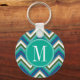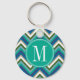Blue & Teal Chevron Pattern with Monogram Key Ring
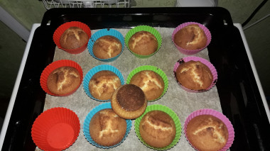 Пекла классические кексы в формочках в духовке 25 минут при температуре 220° (из-за особенностей работы моей духовки). Кексы очень "подросли". Где-то на пятнадцатой  минуте, подумав, что они уже готовы, проткнула  один кекс деревянной шпажкой. Увидев на шпажке  прилипшее тесто, продолжила готовку.
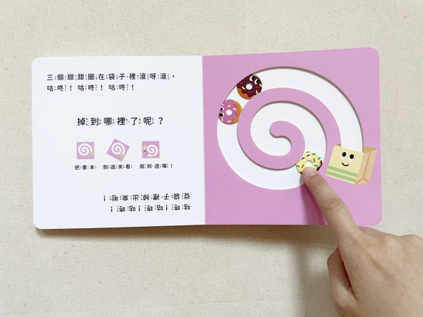 甜甜圈從袋子裡滾呀滾!咕咚!掉到哪裡去了呢?

────────────────────

> _What you need to do_
The material above is to be transcribed exactly, with all pictures omitted.

> _Answer section_
Blue & Teal Chevron Pattern with Monogram Key Ring
 Пекла классические кексы в формочках в духовке 25 минут при температуре 220° (из-за особенностей работы моей духовки). Кексы очень "подросли". Где-то на пятнадцатой  минуте, подумав, что они уже готовы, проткнула  один кекс деревянной шпажкой. Увидев на шпажке  прилипшее тесто, продолжила готовку.
 甜甜圈從袋子裡滾呀滾!咕咚!掉到哪裡去了呢?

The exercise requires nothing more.